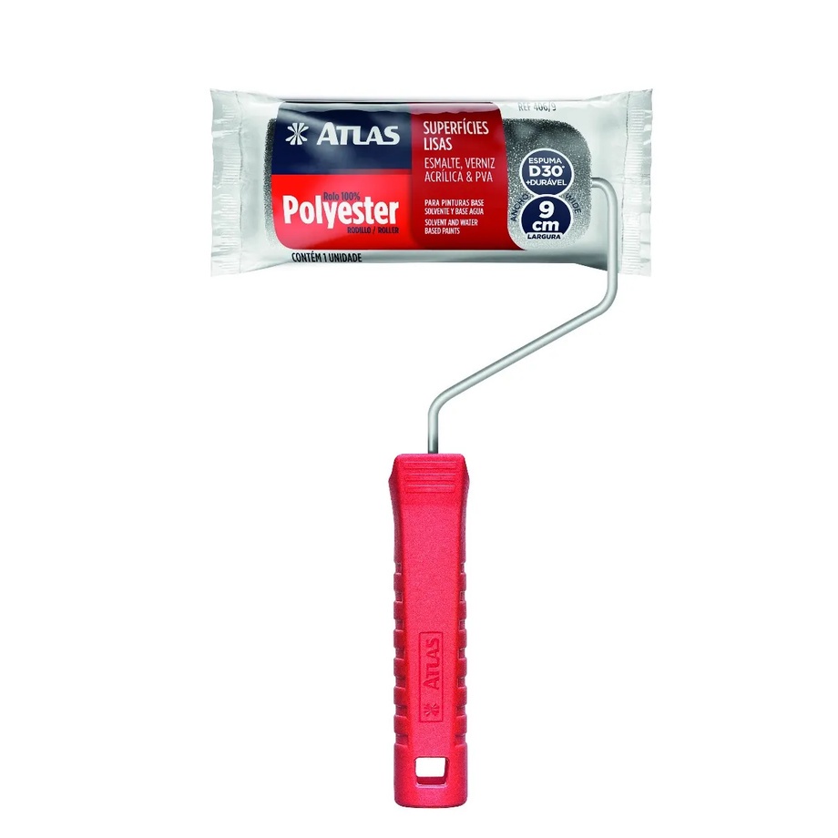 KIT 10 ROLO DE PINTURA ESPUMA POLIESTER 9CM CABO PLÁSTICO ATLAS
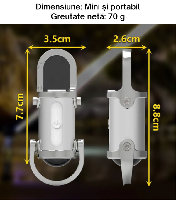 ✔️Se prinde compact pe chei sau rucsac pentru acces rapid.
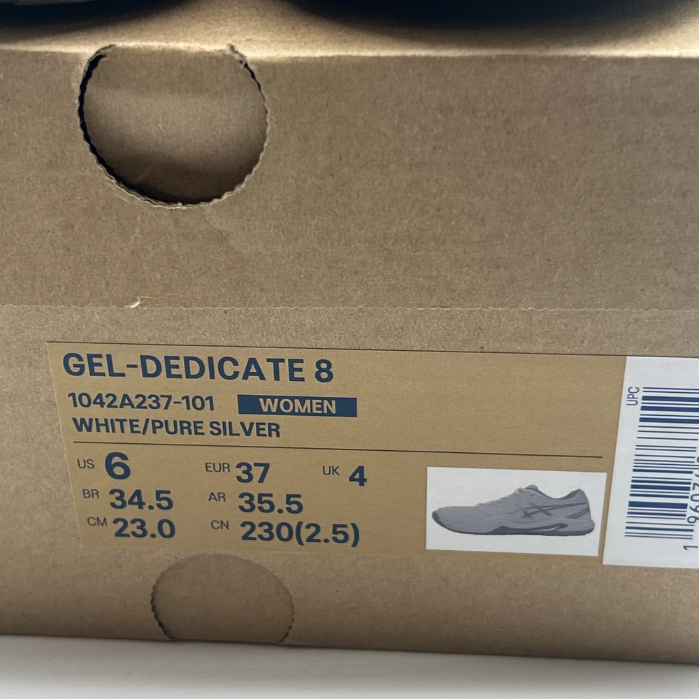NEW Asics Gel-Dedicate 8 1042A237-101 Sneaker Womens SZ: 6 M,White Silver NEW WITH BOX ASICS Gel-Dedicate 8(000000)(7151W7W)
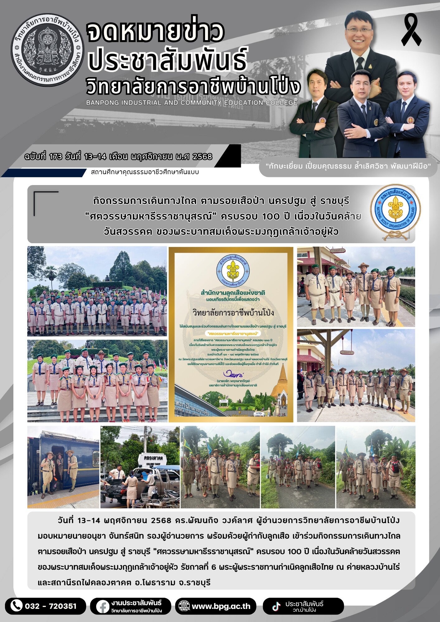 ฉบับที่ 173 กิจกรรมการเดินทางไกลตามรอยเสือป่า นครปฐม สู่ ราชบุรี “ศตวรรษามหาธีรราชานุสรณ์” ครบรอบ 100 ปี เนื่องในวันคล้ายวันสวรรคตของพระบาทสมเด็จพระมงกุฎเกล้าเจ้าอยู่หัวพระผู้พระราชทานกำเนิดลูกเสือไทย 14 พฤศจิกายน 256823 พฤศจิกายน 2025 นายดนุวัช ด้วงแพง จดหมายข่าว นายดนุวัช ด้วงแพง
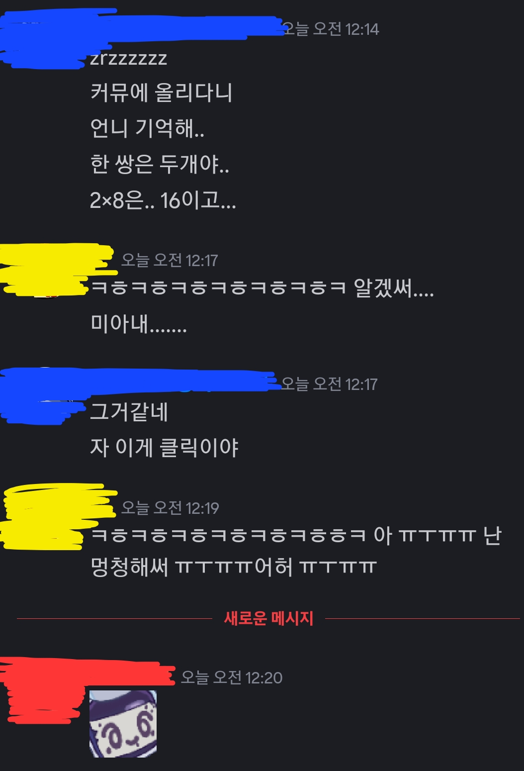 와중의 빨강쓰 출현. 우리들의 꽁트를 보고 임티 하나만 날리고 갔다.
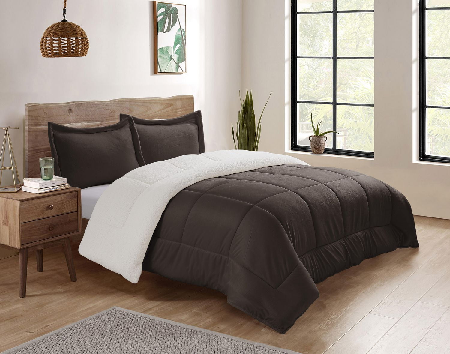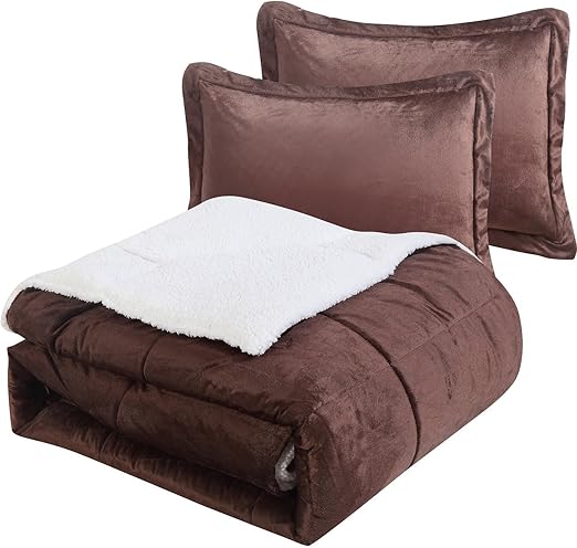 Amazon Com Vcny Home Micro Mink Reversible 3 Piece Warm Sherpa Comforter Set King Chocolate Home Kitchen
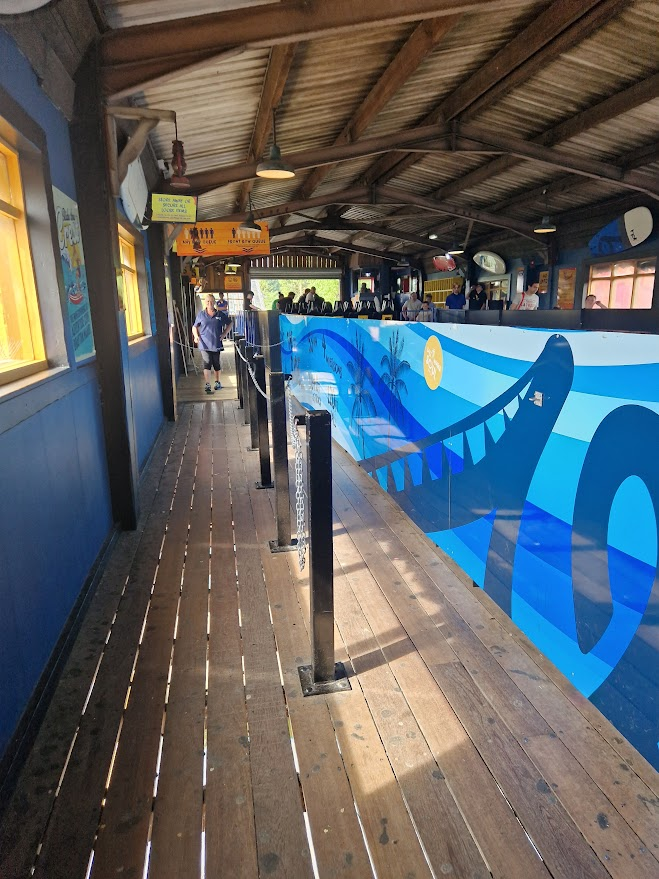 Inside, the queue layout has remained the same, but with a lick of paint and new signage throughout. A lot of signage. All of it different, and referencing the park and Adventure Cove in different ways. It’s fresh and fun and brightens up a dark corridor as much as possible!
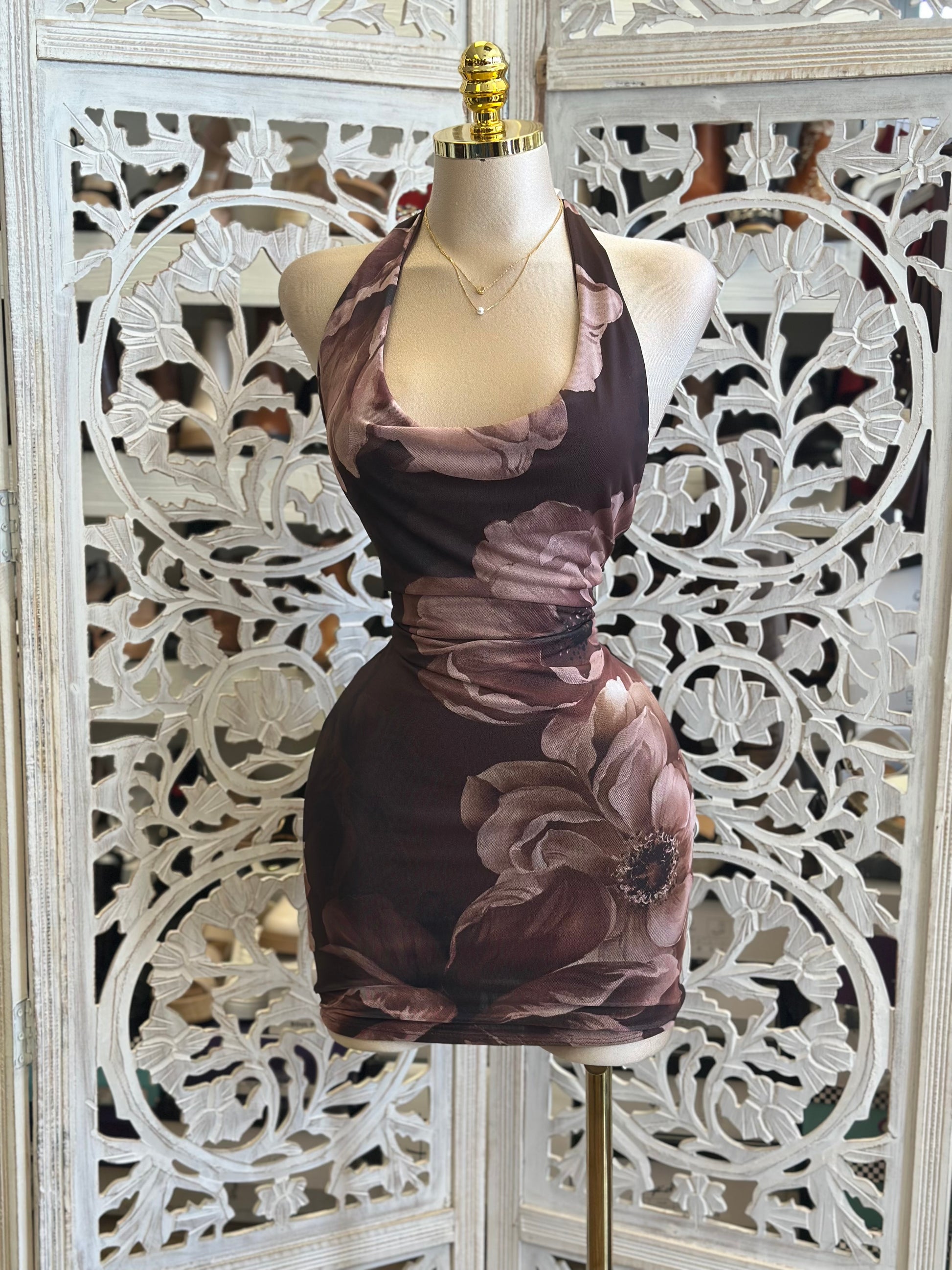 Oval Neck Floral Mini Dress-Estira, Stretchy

--- --- ---

Leave out all pictures and retype precisely the lines that run from the line containing "Amazon Com Vcny" to the last line of the records.

 Amazon Com Vcny Home Micro Mink Reversible 3 Piece Warm Sherpa Comforter Set King Chocolate Home Kitchen
 Inside, the queue layout has remained the same, but with a lick of paint and new signage throughout. A lot of signage. All of it different, and referencing the park and Adventure Cove in different ways. It’s fresh and fun and brightens up a dark corridor as much as possible!
 Oval Neck Floral Mini Dress-Estira, Stretchy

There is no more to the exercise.